How do we break out of this? Personally and what I now often say to clients from my own experiences, we need to ask: how much do I want this? How much do I want to break free of this? How much do I want what lies on the other side. When undergoing my Shamanic Initiations what often kept me going in some deeply challenging moments was what I was wanting on the other side. The question to ask is: if you want to feel more at peace, if you want more Love, if you want better health, if you want to feel an ease inside you- how much do you want it? And what would you be prepared to do for it? I know there is not much I would not do for the things my heart yearns for.

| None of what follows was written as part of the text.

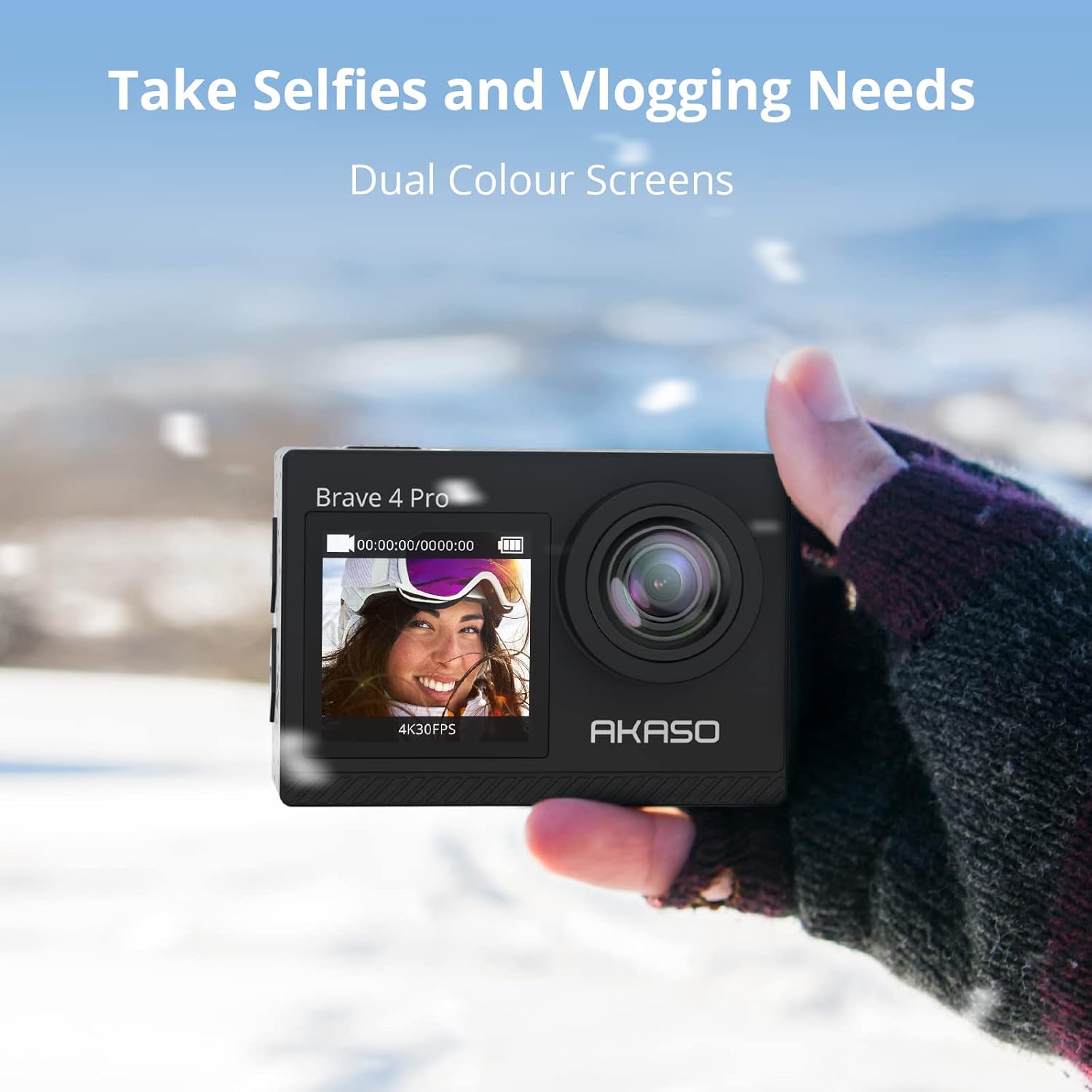 📸CONVENIENT DUAL-DISPLAY – AKASO Brave 4 Pro with innovative dual-color screen design, you can change framing and monitoring views between back and front, especially the vivid front screen can satisfy your selfie need, and the 2-inch back touch screen makes it easy to use than ever.

The paradox can lie often in the fact that the very thing we yearn for can also be that which we are most afraid of. And often this yearning and burning is Spirit’s way of pushing us every forwards. For we do not yearn for something that one some level we have not already attained or tasted. Whether that be in the dream world only for now. If you have tasted it once in whatever capacity then its possible you can attain it. Be this Love, Parenthood, Success, Abundance. What can happen is we want Love and to be in a relationship but fear Intimacy. We want Success but feel we are not worthy of the attention, we want Abundance but worry what we will do when we get it- will we somehow lose our Soul in the process?

We need to ask ourselves what do I gain from holding onto my wounds, my old stories? Sure there may be a familiarity, it may even feel comfortable in a strange way, but other than that what are you actually gaining? How is your life enriched by say pushing away intimacy, or believing life must be a struggle? What would it take to change your story? What would it take to say I can be the person who finds the easier path in life, I can be the person who allows their defences down and welcomes intimacy in. Even if you start that shift in the dream scape, in the mental imaginings, that is a large leap in the work. We can dream anything so why limit yourself to the old story?

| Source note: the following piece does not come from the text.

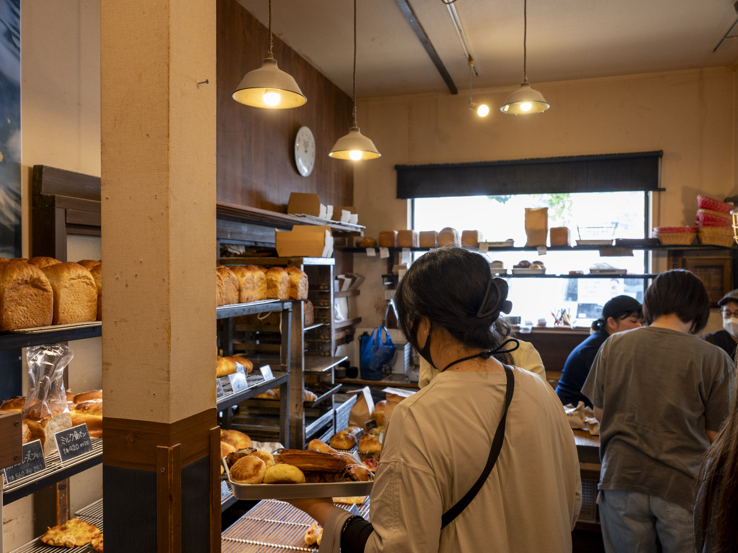 店内に入ると所狭しと並んだパンたち。昼前ぐらいに伺うと、次々とパンが焼かれ、並んだそばから飛ぶように売れていきます。

To want a different life and then not allow that difference to manifest into new ways of thinking or relating turns the notion of healing into some terrible film. Where the protagonist keeps running away from the prize- whatever that may be- only to have it fall into his/her lap, or chase after him or her. Truly in life- we need to meet the things we wish for half way. If we are waiting for our new life to come after us, wrestle our old stories to the ground and make us accept a new way of being- we may well be waiting a very long time.

Being Masters of our own Destiny means showing up, fighting for what we want- and most of the time the fight is with ourselves and being more than willing to let go of the old stories that limited us to make way for the new we wish to be co creators of.